2 Jeff @ Sustainable life blog August 17, 2010 at 12:52 pm

I dont think the DINKs in my office are branded as slackers. While many people around here do have kids and occasionally leave in the afternoons early, I have not really noticed anyone around here having to shoulder extra work because someone else has kids.

3 Dirac August 17, 2010 at 1:27 pm

I would say that this is the case…I am in a DINK situation and I do not know how many times I hear, ‘Oh, but you don’t have kids’ to explain something or why my time is not as valuable. I do not know if they view me as a slacker per se but I do not have nearly as high a value placed on my time as others.
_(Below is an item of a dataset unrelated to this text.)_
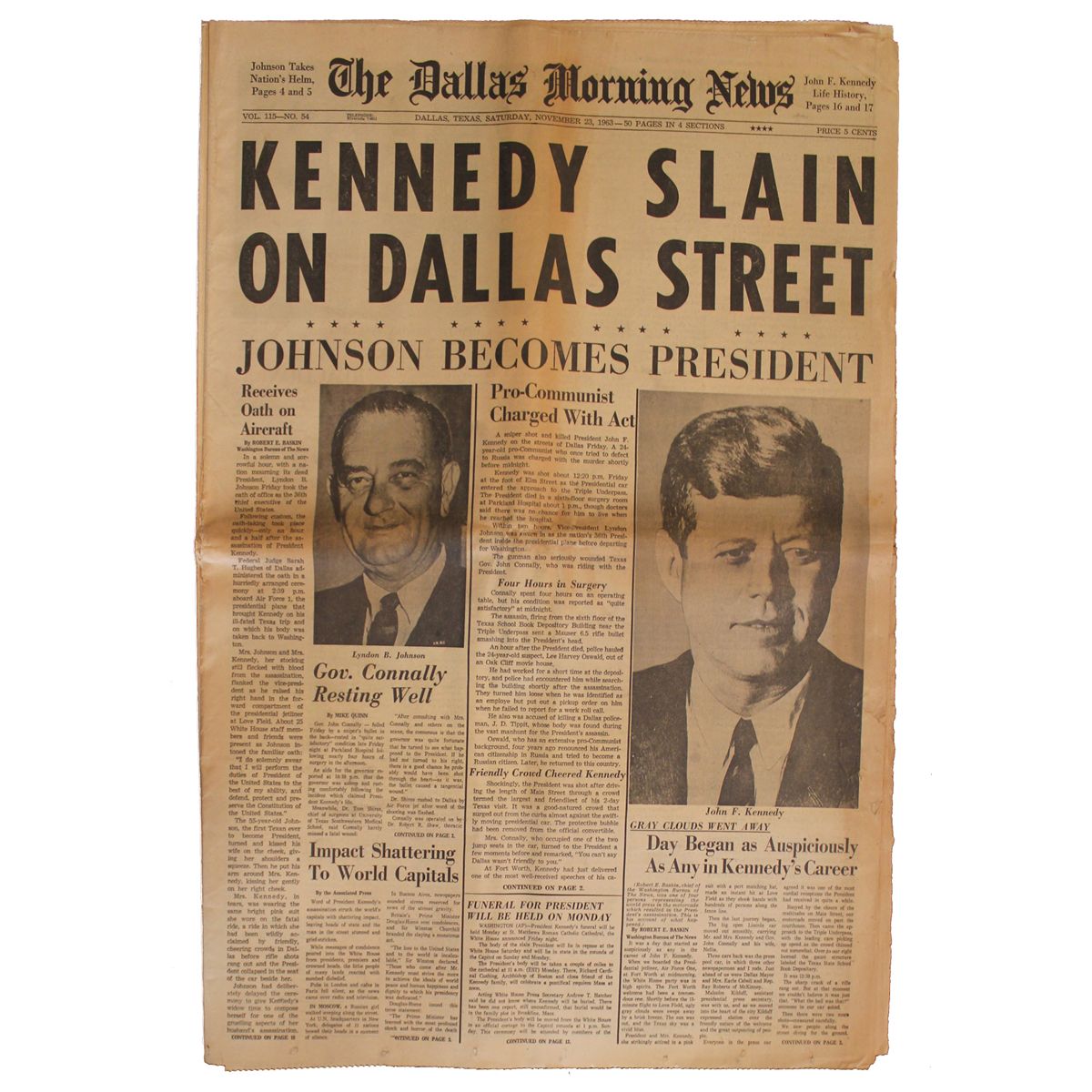 23 November 1963 issue of ''The Dallas Morning News'' detailing JFK's last hours following the 22 November shooting. A subhead reads: ''Johnson Becomes President''. Other articles report on funeral plans, details of Lee Harvey Oswald and a Communist claim that Americans tried to blame Soviets for the assassination. 22 pages include a stunning photo of Kennedy's car after the shooting. Newspaper, measuring 15.25'' x 22.75'', shows moderate toning and chipping. Overall very good condition.

I understand the importance of kids but really, should they get to leave early every time the option arises?

4 Kristina August 17, 2010 at 9:07 pm

The daily workload is distributed unevenly among people with kids and DINKS. Work hours (in my office) are also very uneven. I can not count the number of times that someone has come in late, or left early because of their children. I also find that in the man’s world of finance the opinion of a single young woman (like myself) is undervalued because of my “instability.” Excuse me?!?!?!? When did the choice not to have children and not be married (although it is not MY choice) become a sign of instability? My education and experience should speak for themselves. However, people without children who aren’t married somehow become exiled from the “married couples with kids club”.
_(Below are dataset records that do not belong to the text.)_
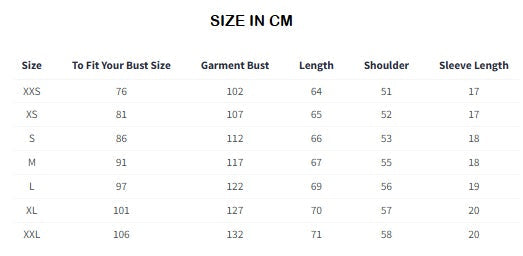 XXS, XS, S, M, L, XL, XXL |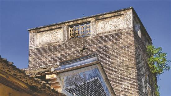 四角碉楼楼体高大,比主体建筑高出一倍,外墙为青砖砌成。楼顶融入西式建筑元素,在满足防御功能的基础上,追求建筑的形式美,成为当地的地标。四角碉楼作为防御性建筑,内置多个瞭望口、狙击口和铳眼。远远望去,外墙雄风犹在,固若金汤。虽然碉楼内木结构几乎丢失,但几乎每间房子都有枪眼,依然保存完好。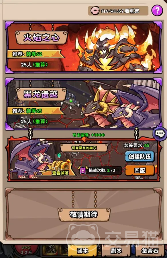 在该玩法当中,每天会随机开放3个不同的副本给大家去挑战,而在周末的时候,所有的副本都会开放,都可以前去挑战;例如“绯红布道院”,“暗熔之国”,“狱火裂隙”等等的副本。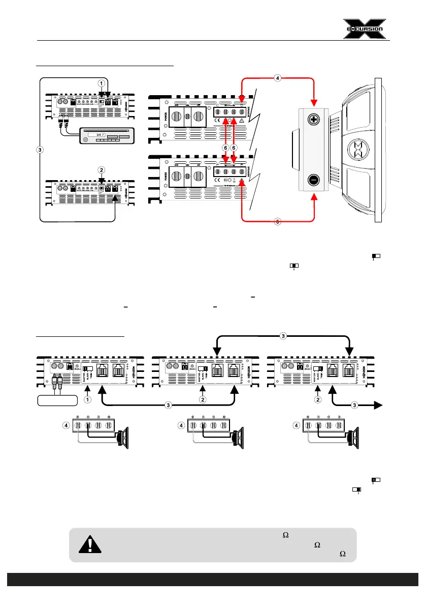 1. Connect 1 amplifier to head unit and slide the MASTER/SLAVE/ to MASTER position. ( )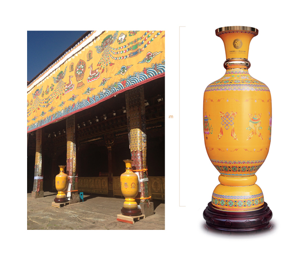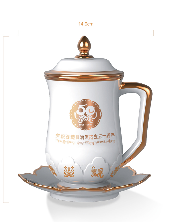 此次我院设计的纪念品共计6大项,包括贺匾、贺幛、酥油茶机、酥油茶杯套装、吉祥八宝茶杯、珐琅彩平安瓶,主要面向西藏自治区基层组织、学校、卫生院、敬老院,行政村、农牧民、城镇家庭,寺庙、佛学院,在职干部职工、教师、城镇居民、驻藏解放军、武警官兵、公安干警和离退休干部职工等发放。

5 Honey August 18, 2010 at 3:23 pm

I think that companies like folks with kids because they can never quit/move, because kids are so expensive and tie you so completely to the community. My boyfriend is an attorney and it is good he started dating me when he started to work there because a single guy in his late 20s/early 30s is considered a flight risk. We do plan to get married (though they still refer to me as his “friend” after 4 years to gether since we are not married) but don’t share the fact that we don’t plan to have kids because that would also brand him a flight risk.

I think most companies are fine with the topsy-turvy of day-to-day schedules as long as they know you have too many financial obligations to ever quit.